Encapsulation, Polymorphism, and Abstraction in Ruby

The Foundational Building Blocks of Object-Oriented Programming

Did you know that Ruby was good for the environment? It is, because it follows strict EPA principles… Encapsulation, Polymorphism, and Abstraction. [Ducks a volley of Tomato objects thrown at him].

In a previous post, we discussed the importance of classes in OOP, and developed the mental image of classes as providing more defined jobs and roles to our data. To summarize: classes allow us to build applications that scale well and deal with more complex and customized data structures. They do this by enabling us to store data in specific ways (i.e., attributes) and to interact with this data both internally and from the outside world, also in specific ways (i.e., behaviors, or methods).

In this article, we’ll define and understand all the following terms and concepts: encapsulation, polymorphism, abstraction, method access control, class inheritance, single inheritance, multiple inheritance, duck typing, is-a relationship v.s. has-a relationship, collaborator class and collaborator objects, syntactical sugar, superclass, nil v.s. nothing, dynamically typed v.s. statically typed, interface inheritance, mixin, namespacing, collisions, composition v.s. inheritance, method lookup path, overriding inherited methods, ancestors, and classes v.s. modules.

In the process, we’ll enrich and solidify our understanding of OOP principles, and more fully appreciate the many ways Ruby empowers us to write beautiful, concise, safe, and DRY code. Let’s get to it.

Building Blocks of OOP

There are three pivotal concepts and building blocks of OOP in Ruby. They are:

  1. Encapsulation - Protecting access to data and functionality so that these are unavailable to certain parts of the codebase is how we ensure data is only intentionally accessed and correctly manipulated. The data is thus encapsulated, or shielded.

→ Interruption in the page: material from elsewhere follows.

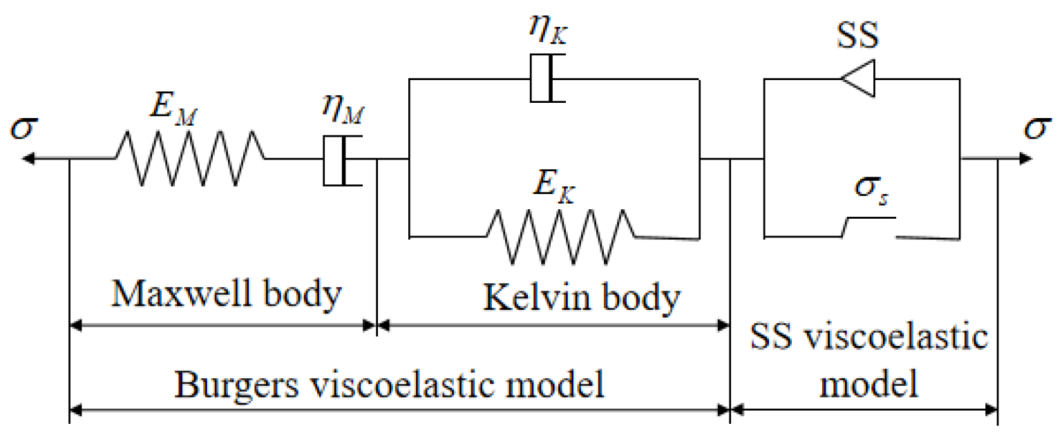 Viscoelastic–plastic strain softening creep mechanical model for soft rock.
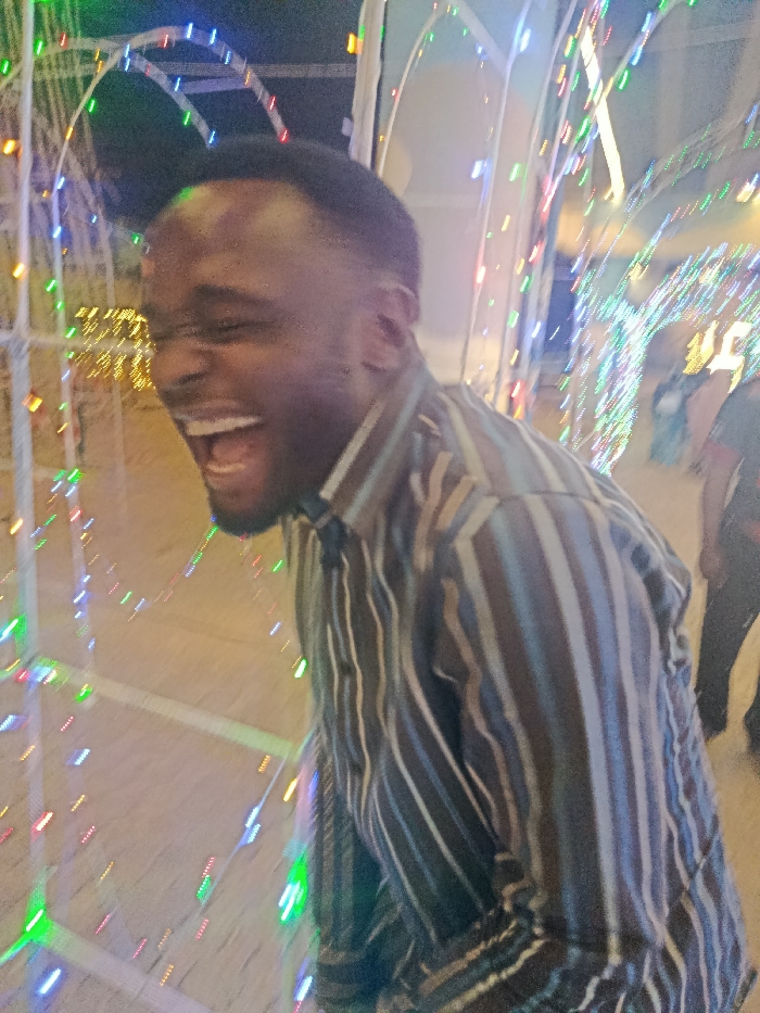 A person is captured in a moment of intense laughter, head thrown back, mouth open wide. They wear a striped long-sleeved shirt in shades of blue, grey, and white. Behind them, a pathway adorned with rows of illuminated arches creates a festive atmosphere with blurred lights. Part of another person is visible on the right. The image has a candid, joyful quality, emphasizing the person's amusement.

    Through the use of class objects, we can create instance variables and instance methods that are encapsulated and thus only accessed by either the object’s class or the object itself, but nothing else. Through the use of method access control, we can even further encapsulate these so that even the object itself does not have access to them. Method access control allows us to qualify instance methods as public, private, or protected, which impacts how accessible these interfaces are to the outside world.

    Encapsulation also enables abstraction, the third principle of OOP. We could think of abstraction as a subset of encapsulation, but it’s such an important concept that many think it deserves to be a standalone principle–and I agree. Encapsulation is also itself meaty and important enough–even without its role as the father of abstraction–to remain a standalone principle.

    (Also: I’ve been wanting to describe something as “the father of abstraction” for a while now, and this was the perfect setup. I wish it was referring to me, but I guess encapsulation is the better man. Alternatively, I could have a kid and name her/him Abstraction. Then, at last, I could claim this glorious title. What? No, she wouldn’t mind.)

  2. Polymorphism - Literally means “having multiple forms.” When objects of different classes have access to the same interface (i.e. method), they are polymorphic. The idea is that the common method reveals and expresses itself in the many different (class) forms or objects it inhabits.

    The religious studies student in me cannot help but to point out how similar this concept is to polytheism, incarnation, and manifestations of God or the Holy Spirit, where the same divinity takes on many forms, physical or otherwise.

    Polymorphism can be accomplished through three main ways in Ruby: class inheritance (i.e. from a superclass, establishing an “is-a” relationship), interface inheritance (i.e. from a module mixin, establishing a “has-a” relationship), and duck typing. We’ll get to each of these later.

    Sidenote: some place inheritance as a standalone, fourth principle of OOP, especially in the context of Java. Doing so in Ruby makes less sense, however, because the only practical application of polymorphism as applied to Ruby is the idea of inheritance.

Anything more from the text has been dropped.